FIG. 1 illustrates a dip coating apparatus 10 for producing dip coated drum photoreceptors. Specifically, the dip coating apparatus 10 comprises a lifting and lowering assembly 20 including a gearbox and drive system 22. The lifting and lowering assembly 20 may further include a ball screw 28 for lifting and lowering a carrier 30. The assembly 20 can further comprise one or more counterweights 24 connected or attached to the assembly with cables 26. As will be appreciated, the counterweights 24 assist in the raising of the carrier.

The carrier 30 preferably includes a collection of releasable connectors or chucks 32. Each chuck 32 is adapted to receive or otherwise releasably engage a drum 40 for dip coating to form a drum photoreceptor.

The apparatus 10 further comprises a cover plate 50 disposed on a tank or bath 54 which contains a dip coating liquid.

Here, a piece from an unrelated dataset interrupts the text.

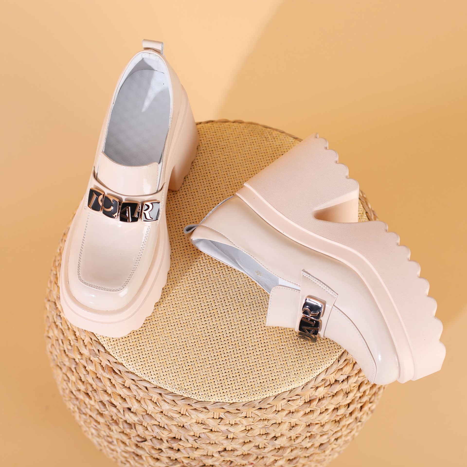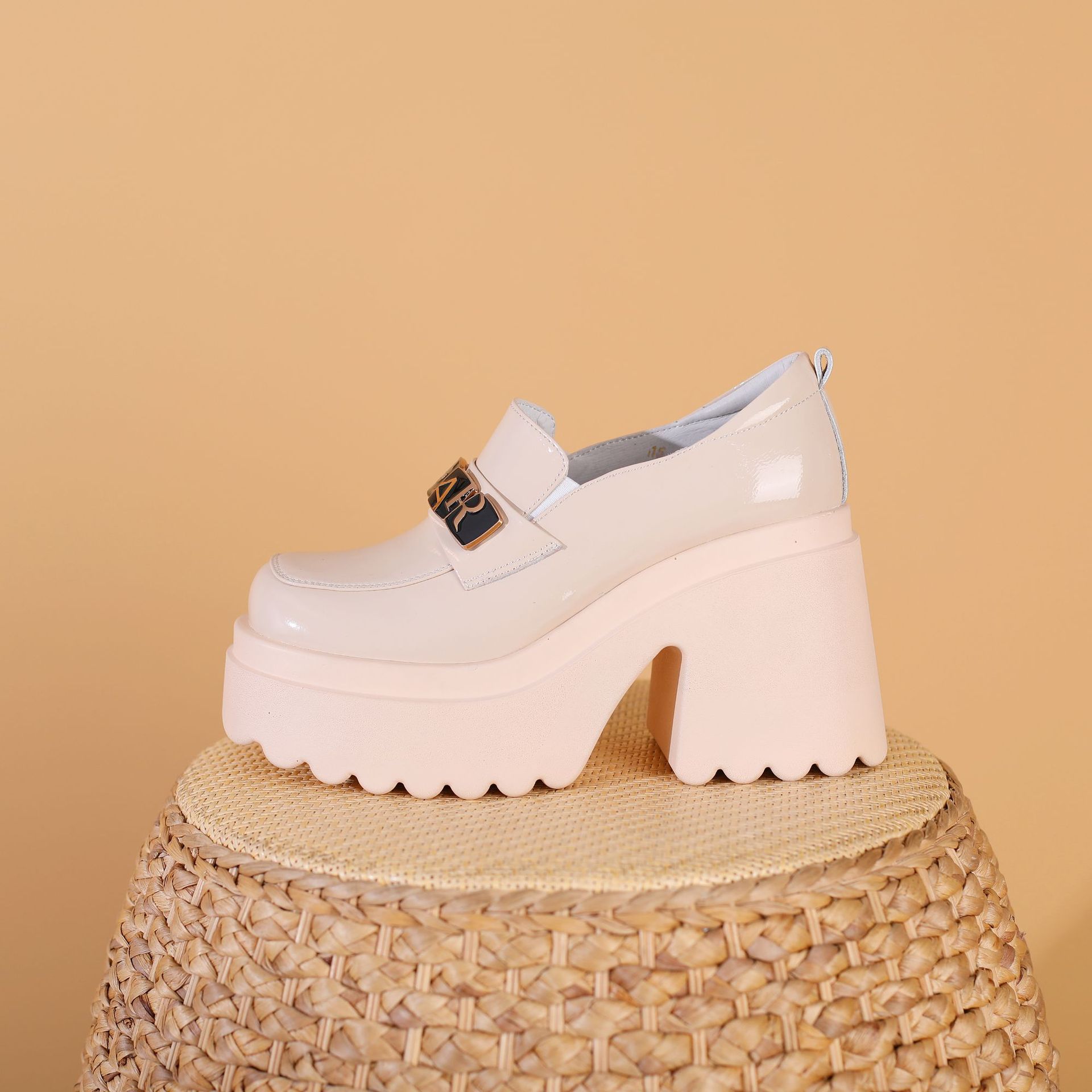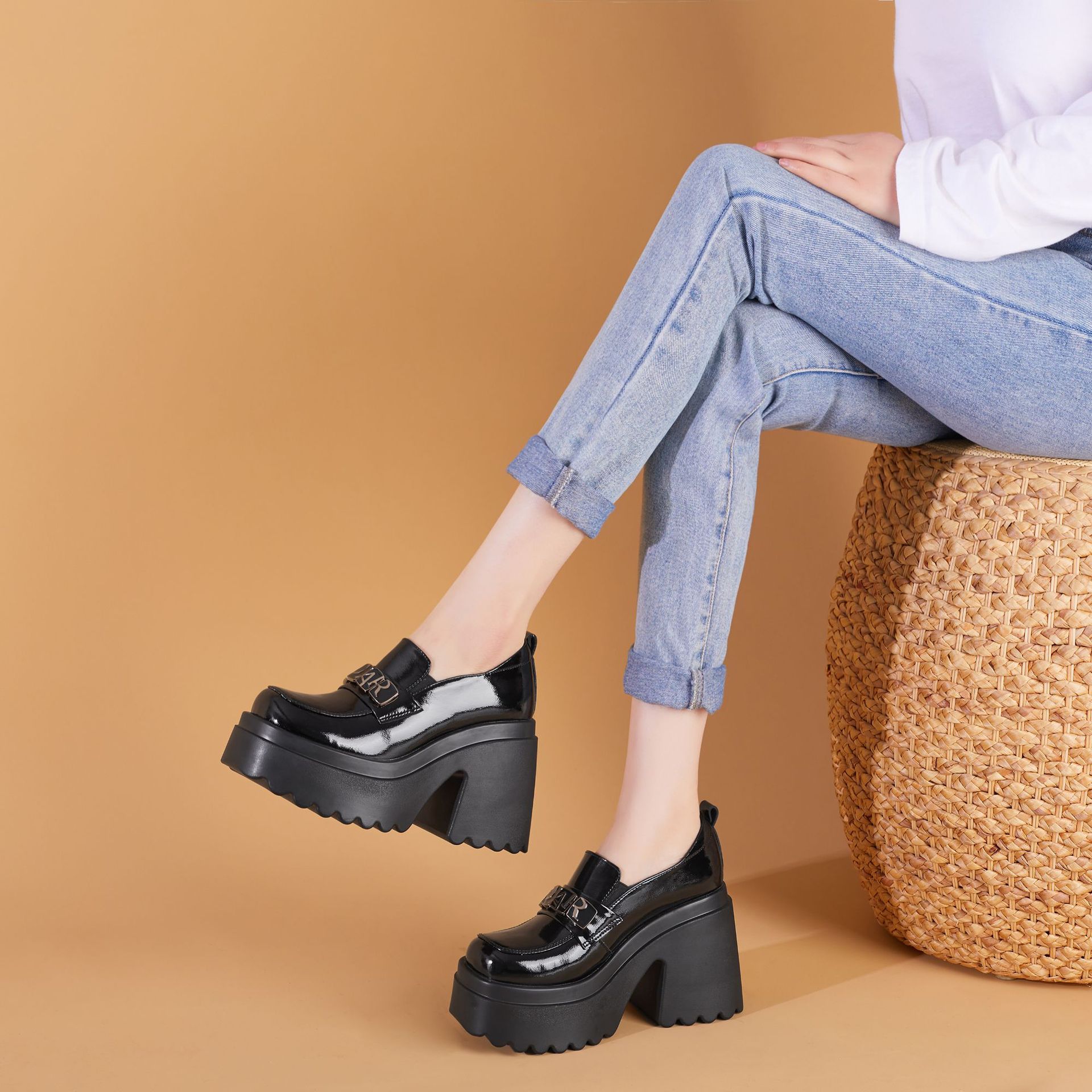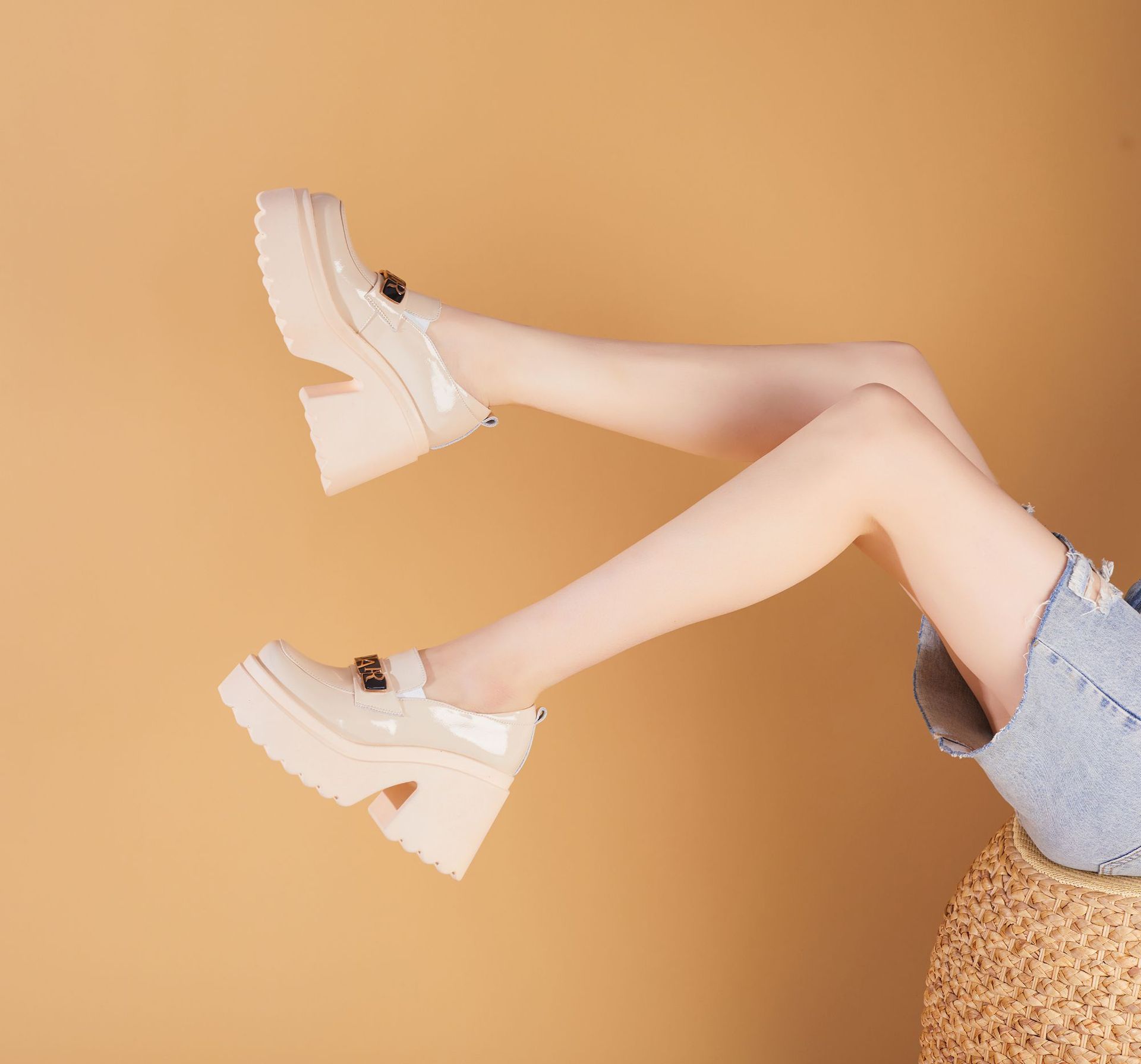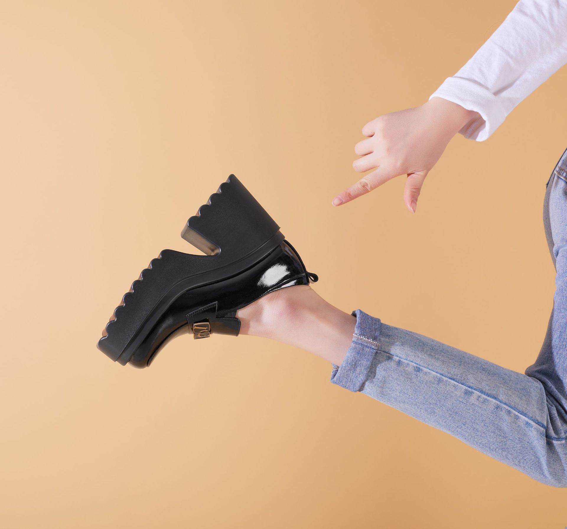 Giày da nữ thiết kế theo phong cách Anh Quốc, phù hợp cho mùa xuân. Sản phẩm có phần đế dày và gót thô cao 10cm, giúp tăng chiều cao một cách thoải mái và vững chãi. Kiểu dáng cổ điển, dễ dàng kết hợp với nhiều trang phục khác nhau như quần jeans, váy hay quần tây. Chỉ cần lau chùi nhẹ nhàng bằng vải mềm sau khi sử dụng để giữ giày luôn sạch đẹp. | Tên sản phẩm: Giày Cao Gót Nữ Cao 10cm Gót Vuông Đế Cao Hàng Mùa Xuân Thu Đông - Giày Dép Nữ | Mã sản phẩm: B4066 - Giá: 1.730.000đ | Mã nhà sản xuất: QIDNG-G05Hình ảnh sản phẩm

A collection of draft shields 52 are disposed on the cover plate and positioned so as to accommodate a plurality of dip tubes 60 extending upward through the bottom of the tank.

The coating apparatus 10 also comprises a dip coating liquid manifold 70. The coating apparatus 10 also includes a support frame 80. A dip coating liquid manifold 70 operates with a liquid return line 90 to transfer dip coating liquid to and from the tank 50 to a pump room 100. One or more feed lines 110 may be used to facilitate transfer of the dip coating fluid to the tank 54.

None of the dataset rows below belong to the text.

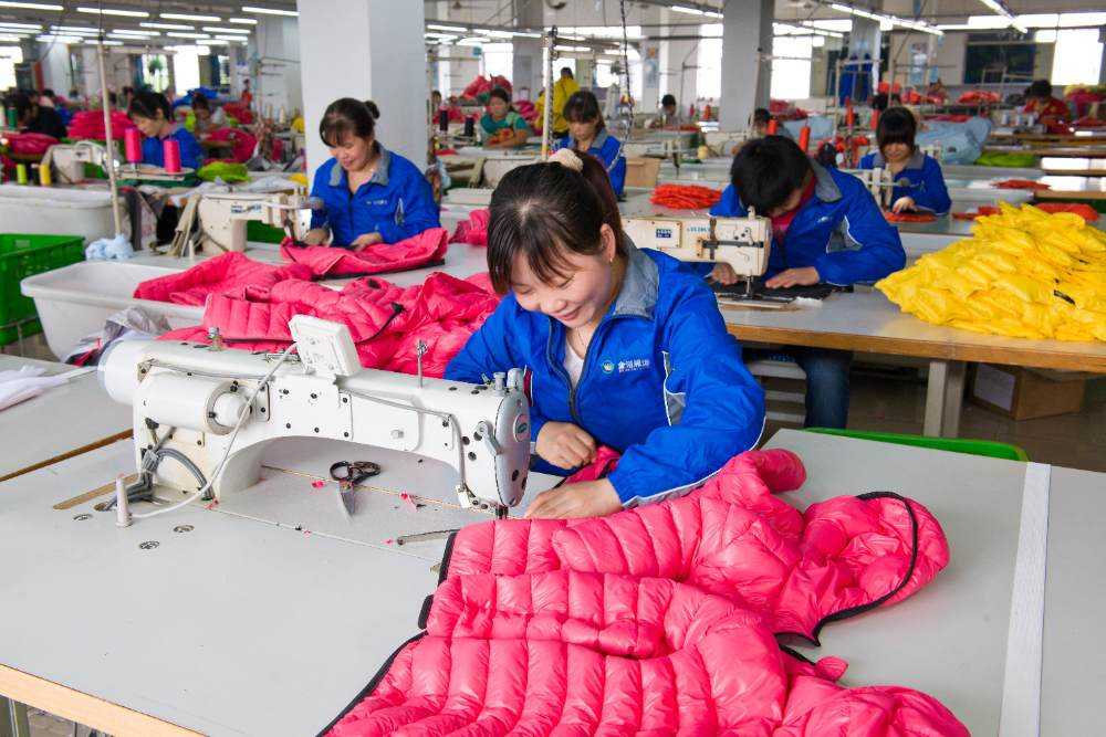 缝纫是将裁剪好的面料片通过缝纫机缝合成羽绒服的各个部件,如袖子、领子等。缝纫过程中需要保证缝线的整齐和牢固,以确保羽绒服的耐用性。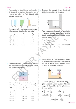 1. Taban alanları ve yükseklikleri eşit kesitleri şekilde- 3. Bir ucu açık diğer ucu kapalı bir kabın içinde d ve d
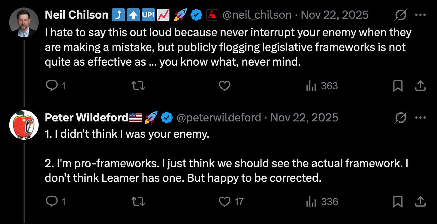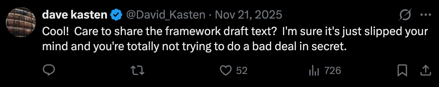 For months, the Super PAC has chattered on about a ‘federal framework’ without sharing details, despite being repeatedly asked.8 I’d love to be wrong about this, but I doubt they secretly have a vision for real laws and are just declining to share it.
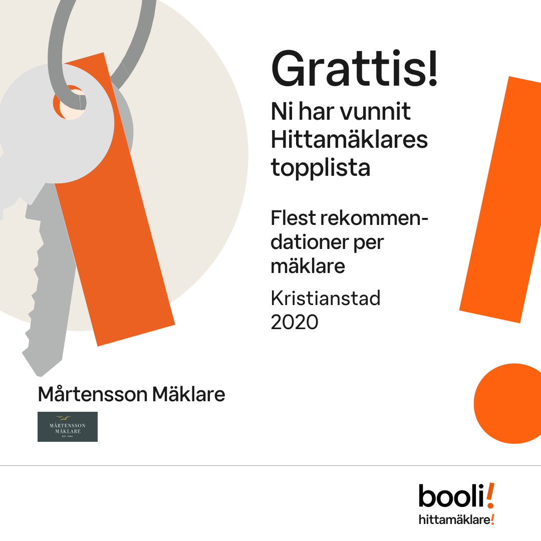 Statistik för publicerade bostäder, försäljningar och omdömen baseras på data från Booli och Hittamäklare. Statistiken för försäljningar avser inrapporterade och verifierade slutpriser från mäklare eller av Booli inhämtade och verifierade slutpriser. Statistiken för publicerade bostäder baseras på information som publicerats på Booli.se. Statistik för omdömen och rekommendationer baseras på omdömen från säljare som lämnats via Booli och Hittamäklare.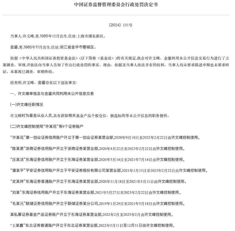此外,许文峰还多次明示、暗示他人利用未公开信息交易,导致相关人员控制的3个证券账户与相关基金产品产生趋同交易,并从中盈利3.82万元。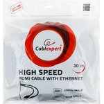 Кабель HDMI Cablexpert CC-HDMI4-30M, 19M/19M, v2.0, медь, позол.контакты, экран, усилитель сигнала, 30м, черный, пакет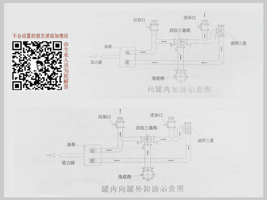 ②當(dāng)你要排油(泵出油)時(shí),油罐車油路是這樣走的:油罐車海底閥→ 四位三通球閥A-C→ 濾網(wǎng)三通→ 進(jìn)入油泵→ 出油泵→ 到出油口→ 出油了。這條油路中以經(jīng)過的環(huán)節(jié),閥門打開,其它閥門關(guān)閉。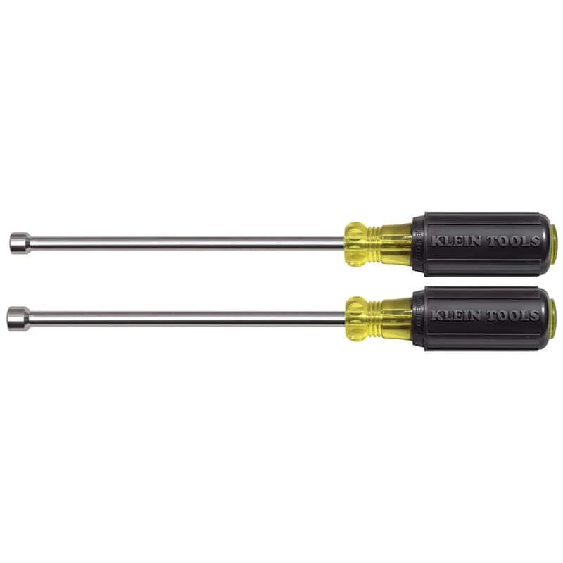 From Klein Tools, the 2-piece magnetic nut driver set provides a versatile selection of the most popular nut drivers. Klein’s exclusive design makes these nut drivers comfortable to use for a wide variety of applications. Klein has the nut drivers professionals demand to get the job done with comfort and ease of use.General purpose selection of the most frequently used nut driversIncludes two nut drivers (Cat. No. 646-1/4M and 646-5/16M)Full-hollow shaft design with Rare Earth magnetic tip facilitates work on bolt applicationsHandle end is color-coded for easy identificationInternal flanges provide solid, twist-resistant shank anchorCushion-Grip handle allows for greater torque and comfort

Flow of dip coating liquid through the return line 90 from the tank 54 is designated by arrow A. And, flow of dip coating liquid through the feed line 110 and the dip coating liquid manifold 70 to the tank 54 is designated by arrow B.

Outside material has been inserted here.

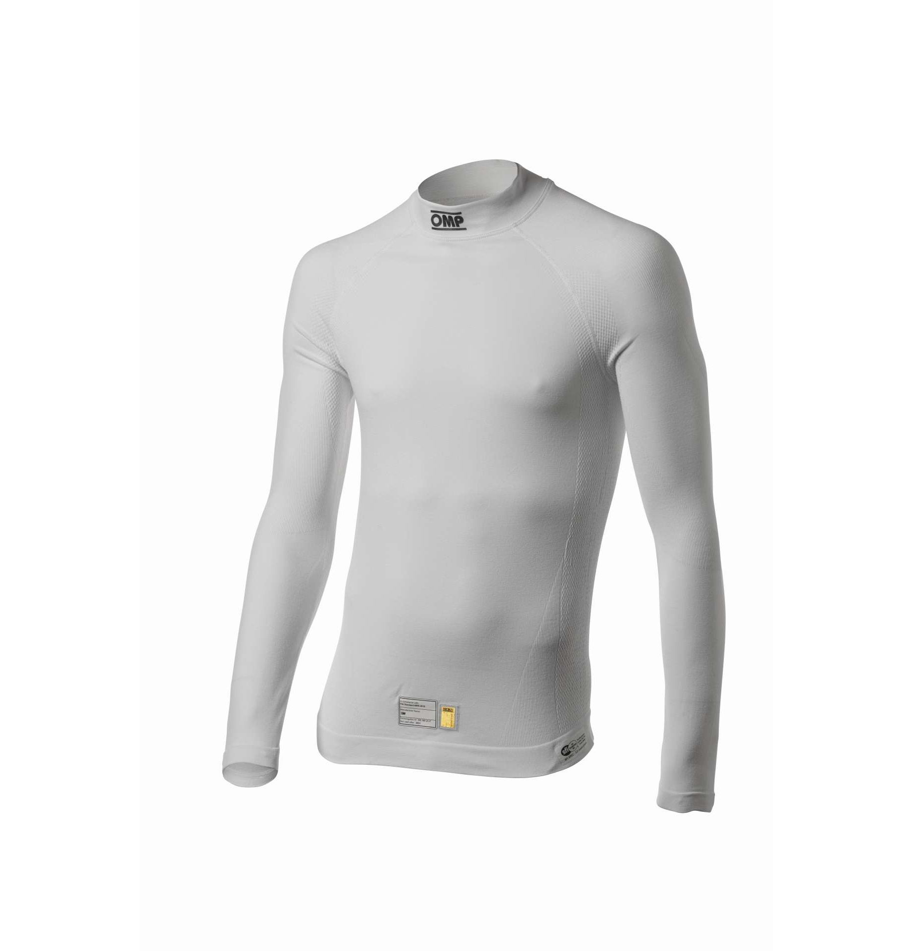 Bezszwowy golf OMP z topowej linii ONE EVO. Wykonany z odpornego na ogień, oddychającego materiału znakomicie dopasowującego się do kształtu ciała. Wstawki z materiału "3D Cube" zapewniają komfort w miejscach bardziej narażonych na pocenie. Homologacja FIA 8856-2018.

It will be appreciated that the dip coating liquid or fluid is in most instances a dispersion of one or more dip coating components dispersed in a solvent or liquid carrier. This is generally referred to in this description herein as the dip coating liquid 120. The solvent or liquid carrier can be any solvent or liquid used in dip coating. Representative examples of the solvent or liquid carrier include, but are not limited to tetrahydrofuran (THF), xylene, n-butyl acetate, iso-butyl acetate, monochlorobenzene, n-butyl alcohol, ethyl alcohol, cyclohexane, cyclohexanone, methylene chloride, methyl ethyl ketone toluene, and the like.

It will be understood that in the particular dip coating system shown in FIG. 1, dip coating liquid is administered to the bottom end of each dip tube 60 and caused to flow upward through each dip tube 60. The dip coating liquid exits the top end of each dip tube 60 and flows downward along the outer periphery of the respective dip tube 60. The dip coating liquid is collected within the tank 54 and upon its level reaching a threshold value, drains by gravity or is otherwise transferred into the liquid return line 90.

During coating of the drums 40, the carrier 30 to which the drums 40 are attached, is lowered toward the tank 54. The plurality of drums is arranged on the carrier 30 such that each drum 40 is received by a corresponding dip tube 60. As the carrier is further lowered, the drums are contacted with dip coating liquid in each of the dip tubes 60. In this particular system, the movement of the drums 40 during initial contact with the dip coating liquid is countercurrent. However, the exemplary embodiments may readily be utilized in other dip coating systems including for instance static, non-flowing bath of the dip coating liquid. Moreover, a wide array of dip coating strategies and techniques may implement the exemplary embodiments described herein. That is, in no way is the present discovery limited to use with the dip coating system depicted in FIG. 1.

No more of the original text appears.